When the volume threshold is crossed, the question becomes where this lives. GRASPPY is one answer, and the answer I built because the alternatives weren’t working — but it’s not the only answer. You could build your own with a Chrome extension and PostgreSQL if you had the patience for the 16 different parsers, the dedup logic, the privacy work, and the pipeline. Most people don’t.

The honest framing: this isn’t a replacement for Notion or Obsidian. Those tools are excellent at notes you write yourself. The layer underneath them — the layer that captures what you said to your AI, what the AI said back, and the reasoning that produced today’s code — is the gap that nothing else was filling. Treat the captured conversations as an ai wiki for your thinking, and over time the system becomes an ai second brain too, because the same captured material that makes search work also feeds drafting.

The volume threshold matters. If you have fewer than 20 AI conversations a month and you use one platform mostly, your browser history and a couple of pinned chats are probably enough. The system pays off when you’re across four or more platforms, doing the actual thinking inside the conversations, and your native platform history is failing you. Below the threshold, the setup-to-value ratio doesn’t make sense. Above it, you already know what I’m describing — you’ve lived it more times than you want to count.

If you don’t have the gap yet, you don’t need this ai knowledge management solution. If you do, the only question is whether you build it yourself or let someone else handle the 16 parsers for you.

ai second brain

FAQ

How does this work with platforms that frequently change their interface, like when ChatGPT updates their UI?

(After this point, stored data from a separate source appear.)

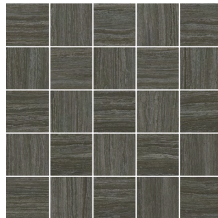
28155/M12 Waters Edge Mosaic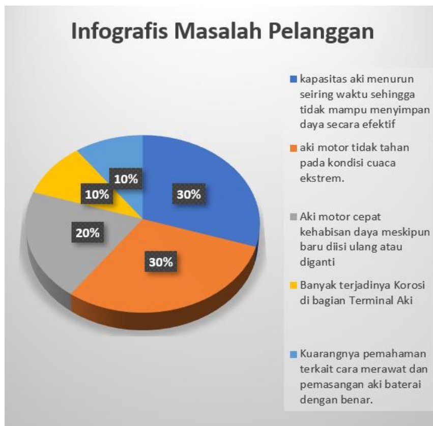
Figure 4. Customer Problem

Based on interviews with motorcycle battery users, several major problems were revealed. As many as 30% of respondents complained about the battery capacity decreasing over time, so power was not stored effectively. The problem of resistance to extreme weather was also expressed by 30% of respondents, which caused the battery performance to decrease drastically or be damaged in extreme temperature conditions. In addition, 20% of users stated that the battery ran out of power quickly even though it had just been recharged or replaced, adding to the inconvenience and additional costs. Corrosion on the battery terminals was experienced by 10% of respondents, which disrupted the electrical connection and charging efficiency. Finally, 10% of respondents felt that the lack of understanding about proper battery maintenance and installation was also a significant problem. These results indicate the need to improve battery quality and provide maintenance education to users. The customer problem infographic is shown in Figure 4.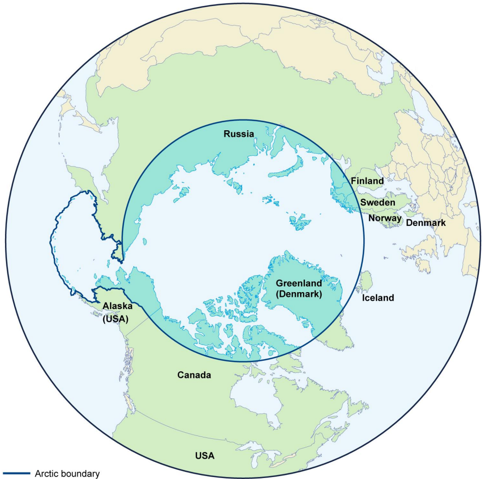
Figure 2: Map of the Arctic Region, as Defined by the Arctic Research and Policy Act a

GAO-23-106002

It breaks, then gets fixed. Each platform update that changes the DOM structure requires updating the parser for that specific tool. I maintain parsers for 16+ platforms, and interface changes are the most common reason one stops working. The extension includes automatic error reporting so I know when a parser breaks, usually within a day of the platform pushing the change. Most fixes take 24-48 hours to deploy. This is the ongoing maintenance cost of cross-platform capture for ai knowledge management - you’re essentially reverse-engineering 16 different moving targets.

What happens to my data if I stop using the service or if Grasppy shuts down?

You own your data completely. Every conversation is stored in standard formats you can export at any time - JSON for metadata, markdown for conversations, original artifacts preserved as files. If you cancel or if the service disappeared tomorrow, you’d have everything locally within minutes. The extraction and enrichment work that makes search useful would be gone, but the raw conversations and all their metadata would be yours to keep or migrate elsewhere. This ensures your AI second brain remains truly yours, functioning as your personal ai wiki with no vendor lock-in as a design requirement from day one.

Does this slow down my browsing or interfere with how the AI platforms work?

No interference with platform functionality - the extension only reads the DOM after conversations finish, never during active chats. There’s a small performance hit when you’re on a supported AI platform page because the extension is watching for new messages, but it’s designed to be passive. The capture happens in the background when you finish a conversation or navigate away from the chat, seamlessly integrating with your ai knowledge management workflow. Most users report no noticeable slowdown, though very old machines might see a slight delay when processing long conversations with many code blocks.

How do you handle conversations that contain sensitive information like API keys or business secrets?

The system is designed privacy-first but you still need to be careful. All content is encrypted at rest and never shared between users, but the AI enrichment pipeline does see your raw conversations to extract entities and topics. If you’re regularly discussing truly sensitive material, you should either exclude those platforms from capture or use the local-only mode that skips cloud enrichment entirely. The search won’t be as smart, but your sensitive content never leaves your machine. For most business use cases, the privacy model works fine - it’s designed for knowledge workers who need to preserve their thinking without exposing it.